Tuesday, May 20, 2014

The new Common Sense Media report on reading

(I have been taking a year off from blogging while I think things through on (maybe) a deeper level, but I wanted to record a quick take on a new paper on reading that's been in the news.)

A new report by Common Sense Media reviewing the data on how much kids read has been getting some press recently. In the Times, Frank Bruni used it as the jumping off point for a column celebrating reading. My department chair sent us a link to the report, and asked what we thought. Here are my quick thoughts.

The standard takeaway from the report seems to be that kids are reading less now than they were 20 years ago. My department chair used the phrase "hell in a handbasket," and Bruni calls the change "marked and depressing." I'm not sure it's as bad as all that. But if the data the report discusses is somewhat open to interpretation, it does seem clear that our society can do better at helping our schoolchildren read. Because reading seems clearly to be the most important academic skill, this matters a lot.

The report's first two "key findings" are what have gotten the most attention, and they also seem most important to me. The report's other key findings are either of less general interest (gender gaps, racial/ethnic gaps, impact of e-readers, etc.) or kind of obvious (kids whose parents read aloud to them and have books in the house are better readers). The first two key findings are:

1) all kids, but especially older kids, are reading less for fun than they used to;

2) while reading comprehension scores for elementary-age kids are higher than they used to be, reading comprehension scores for older kids have not improved.

What's interesting about these two findings, if they're accurate, is that there are two apparent contradictions: kids in the younger grades are better at reading than they used to be, but kids in the older grades are not; and the reduction in pleasure reading is not translating to a decrease in reading scores.

Two possible (but I think unlikely) interpretations:

One way to interpret these findings is to think that reading for pleasure doesn't matter much.

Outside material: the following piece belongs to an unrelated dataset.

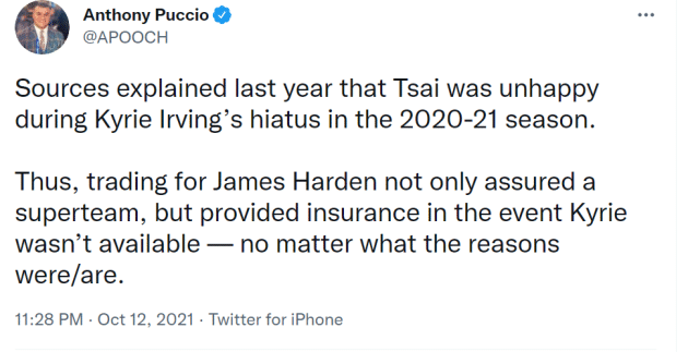 来源:24直播网10-13 19:3224直播网10月13日讯 ,篮网记者Anthony Puccio报道称,消息源透露,早在2020-21赛季,欧文因故缺席比赛时,篮网老板蔡崇信就已经不高兴了。他同意球队换来哈登,一方面是为了打造超级球队,另一方面就是为欧文准备一份保险,不管他未来因为什么原因缺席。
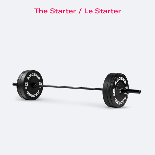 - The Starter: Olympic Barbell (7 ft) + Bumper Plates (2 x 10 lbs, 2 x 25 lbs, 2 x 45 lbs)

That's possible, but unlikely, given the high correlation between pleasure reading and reading scores.

Another possibility is that the findings are not accurate, that older kids are reading just about as much as they used to, but that some of their reading is not showing up in the data. As far as I can tell, there is some possibility that some of what teenagers are doing on their screens is not being counted as reading, even though it is practically the same as stuff that in the past, when it wasn't done via a screen, used to be counted as reading. A lot of what my son does on his iPod touch is reading about professional tennis and rock climbing. When I was his age, I spent hours every week reading bicycling magazines. Reading an online article or blog post and reading an article in a print magazine are basically the same activity, but I looked like I was reading, and he looks like he's on facebook.

My take:

While these studies may not be catching all the reading that's really happening, I think they're probably mostly accurate. Older kids probably are reading less. Some of this may be due to the improvement of competing non-reading activities like youtube, instagram and facebook (technologies that can be seen as improved versions of the telephone and the television). But this wouldn't explain why younger kids are getting higher reading scores now, so I think there is something else going on, too.

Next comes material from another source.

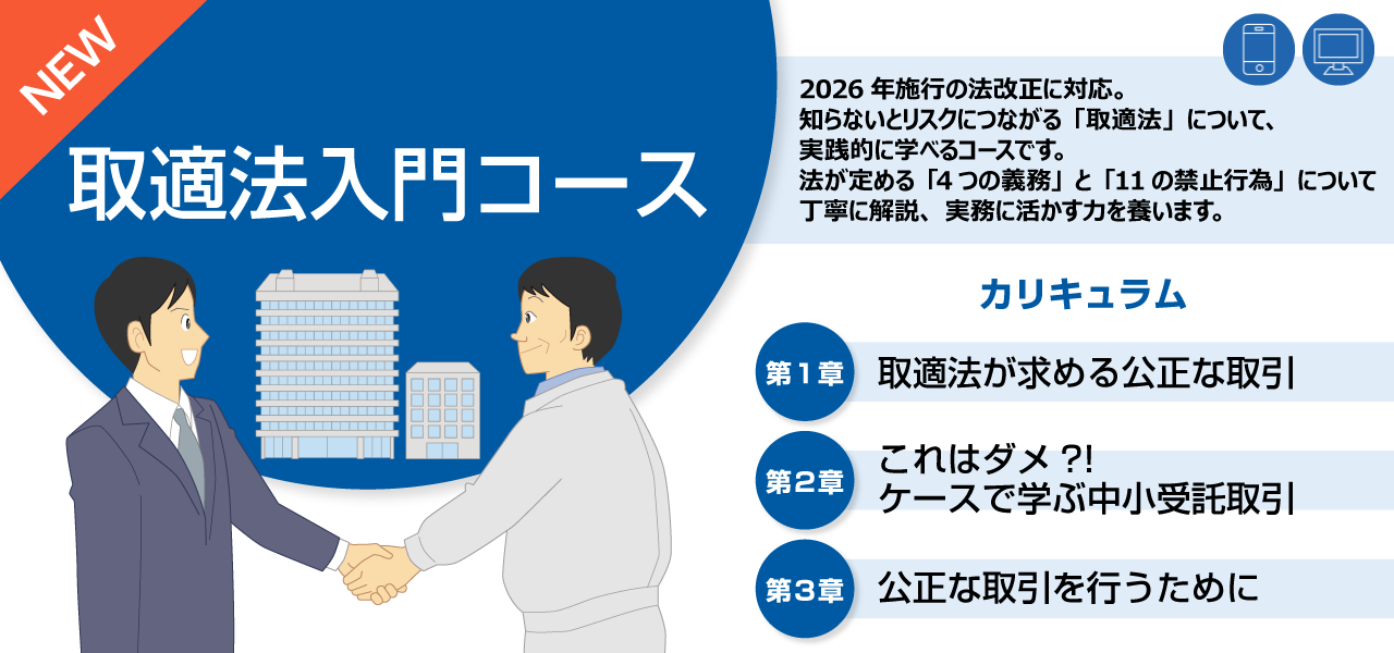 本コースは、2026年1月施行の「製造委託等に係る中小受託事業者に対する代金の支払の遅延等の防止に関する法律(略称:中小受託取引適正化法/通称:取適法)」 に対応し、改正内容に取引ルールを具体的に学べる構成です。

What I think has happened is that we have put a lot of energy into trying to teach, through direct instruction, the "skills" and "strategies" of reading. There has been a huge push, at all levels, to turn reading instruction into a mechanical process that can be broken down and implemented piece by piece. What there has not been is a huge push to encourage reading as a pleasurable and valuable activity that people might want to engage in on their own, either for entertainment or (like my son's reading about tennis and rock climbing) for information about the world.

The increase in direct instruction in skills and strategies may have boosted reading scores on the NAEP in the elementary school years, but they have not made 17 year olds better readers. We seem to be having short term success, but the short term success is not translating into long term success.  This is a pattern that I noticed last year in data about the reading scores of students in Waldorf schools. Waldorf education doesn't teach reading at all until kids are 7 or 8. As you might expect, Waldorf students score poorly on reading tests in early elementary school. By eighth grade, however, they have caught up. By the end of high school, they may be pulling ahead.

It also strikes me that the direct instruction that may produce higher scores in elementary school could be having a counterproductive effect in the long term. It's very possible that the way reading is now taught discourages reading for pleasure.

So if it were up to me, I would try to spend more energy on encouraging pleasure reading, especially at the high school level, when pleasure reading drops off precipitously.